-- Opening Marker --

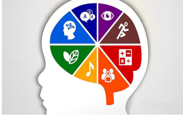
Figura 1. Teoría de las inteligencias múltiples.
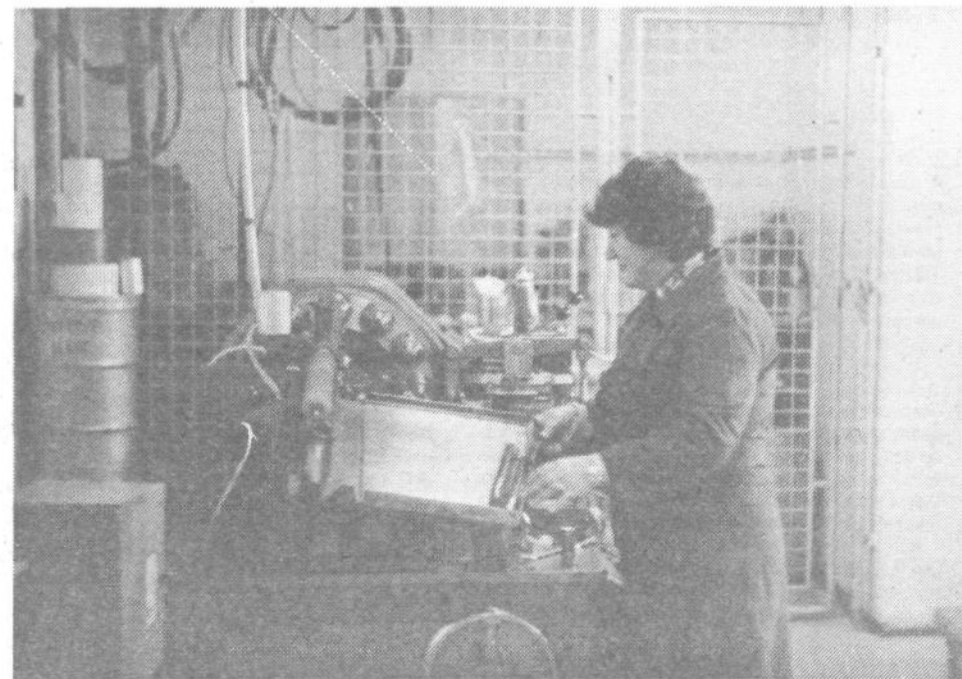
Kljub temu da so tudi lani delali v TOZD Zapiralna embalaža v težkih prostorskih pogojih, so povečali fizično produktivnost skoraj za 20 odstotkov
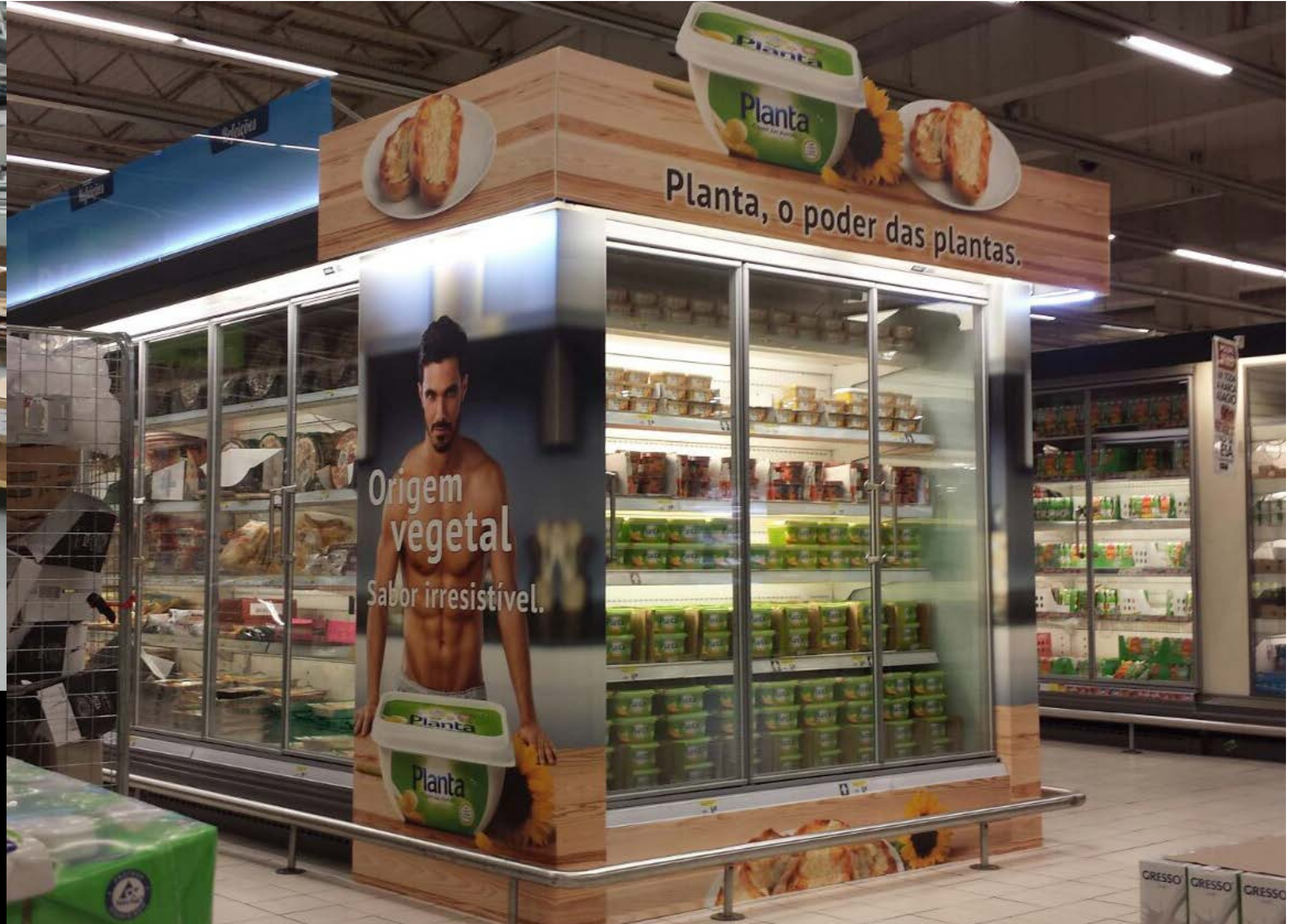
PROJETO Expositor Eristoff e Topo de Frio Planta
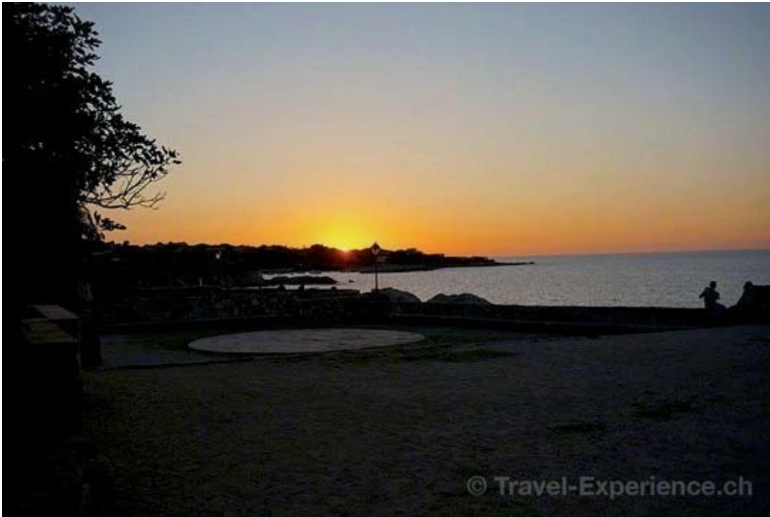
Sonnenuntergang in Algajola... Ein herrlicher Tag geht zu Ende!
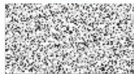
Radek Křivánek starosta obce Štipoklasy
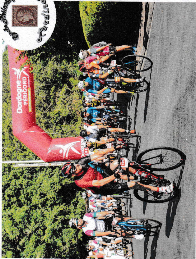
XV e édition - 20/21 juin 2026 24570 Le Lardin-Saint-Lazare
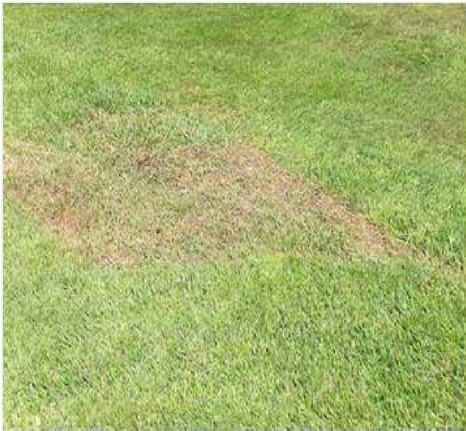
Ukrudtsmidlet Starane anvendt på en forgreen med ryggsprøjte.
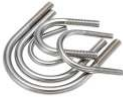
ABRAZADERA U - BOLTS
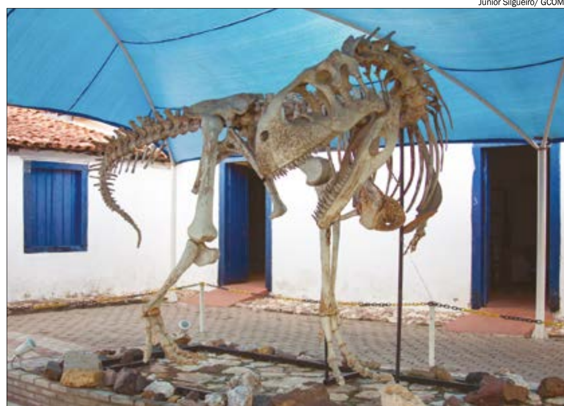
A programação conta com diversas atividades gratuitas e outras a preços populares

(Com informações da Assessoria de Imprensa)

-- Closing Marker --
-- Opening Marker --

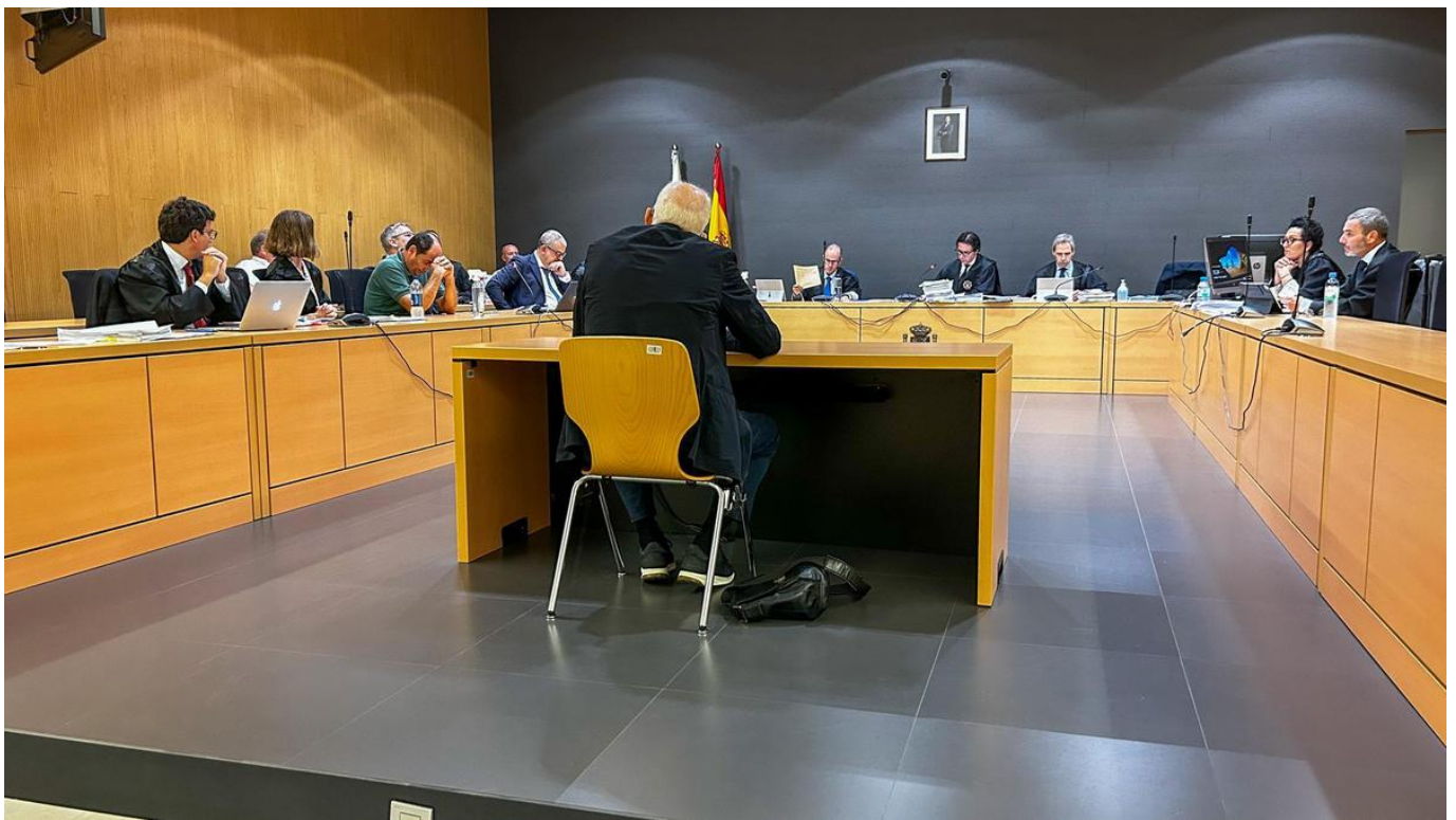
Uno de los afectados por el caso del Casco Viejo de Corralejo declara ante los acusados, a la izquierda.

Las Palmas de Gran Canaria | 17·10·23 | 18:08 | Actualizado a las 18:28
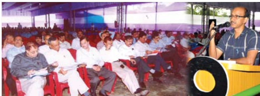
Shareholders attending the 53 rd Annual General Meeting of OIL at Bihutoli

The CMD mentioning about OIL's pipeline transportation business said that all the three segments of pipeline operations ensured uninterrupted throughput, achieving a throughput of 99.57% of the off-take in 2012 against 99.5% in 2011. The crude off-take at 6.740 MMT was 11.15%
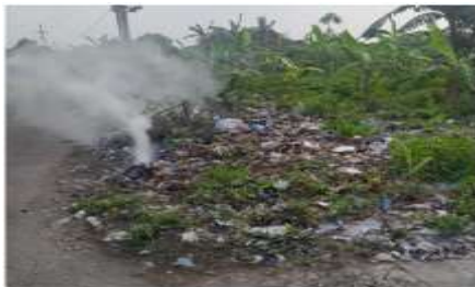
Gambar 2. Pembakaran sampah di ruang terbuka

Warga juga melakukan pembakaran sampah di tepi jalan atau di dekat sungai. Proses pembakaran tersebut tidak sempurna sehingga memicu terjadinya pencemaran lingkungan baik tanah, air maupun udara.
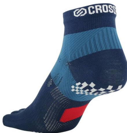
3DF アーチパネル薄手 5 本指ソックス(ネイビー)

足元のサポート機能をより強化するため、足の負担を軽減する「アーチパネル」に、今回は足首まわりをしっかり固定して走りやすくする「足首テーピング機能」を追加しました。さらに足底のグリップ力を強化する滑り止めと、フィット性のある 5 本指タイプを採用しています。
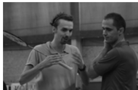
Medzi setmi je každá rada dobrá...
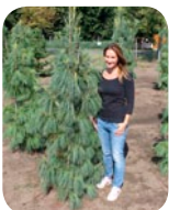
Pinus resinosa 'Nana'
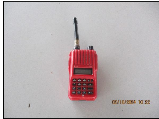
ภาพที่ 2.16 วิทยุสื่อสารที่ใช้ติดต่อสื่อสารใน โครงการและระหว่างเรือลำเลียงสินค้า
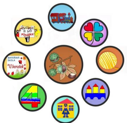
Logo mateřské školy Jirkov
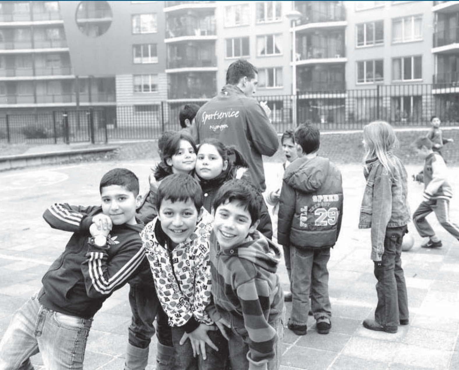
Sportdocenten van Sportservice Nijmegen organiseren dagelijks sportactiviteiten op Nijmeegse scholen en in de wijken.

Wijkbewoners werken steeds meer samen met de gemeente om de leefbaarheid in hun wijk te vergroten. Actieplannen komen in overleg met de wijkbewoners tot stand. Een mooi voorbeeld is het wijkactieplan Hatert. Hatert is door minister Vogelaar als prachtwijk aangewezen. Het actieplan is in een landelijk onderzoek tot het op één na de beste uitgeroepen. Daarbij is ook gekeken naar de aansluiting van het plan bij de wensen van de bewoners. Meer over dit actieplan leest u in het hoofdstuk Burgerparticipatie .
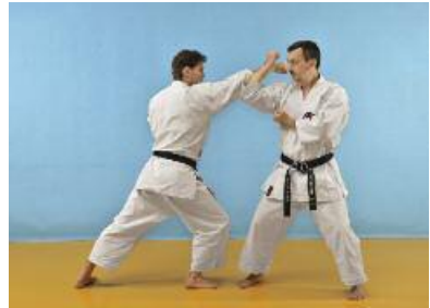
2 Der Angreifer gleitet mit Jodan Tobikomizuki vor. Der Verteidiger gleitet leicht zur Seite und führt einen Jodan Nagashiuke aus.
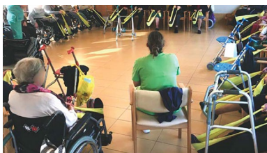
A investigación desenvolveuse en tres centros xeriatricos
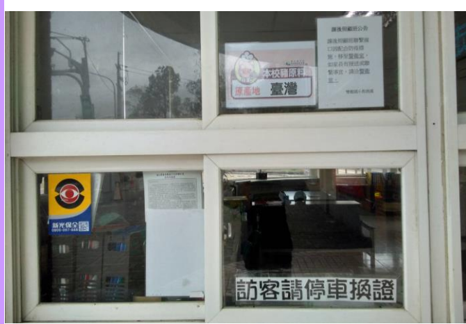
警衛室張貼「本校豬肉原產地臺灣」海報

-- Closing Marker --

*Work task*. Please go over the data above and copy each line with "sampah" in it.

*Response area*.
Gambar 2. Pembakaran sampah di ruang terbuka
Warga juga melakukan pembakaran sampah di tepi jalan atau di dekat sungai. Proses pembakaran tersebut tidak sempurna sehingga memicu terjadinya pencemaran lingkungan baik tanah, air maupun udara.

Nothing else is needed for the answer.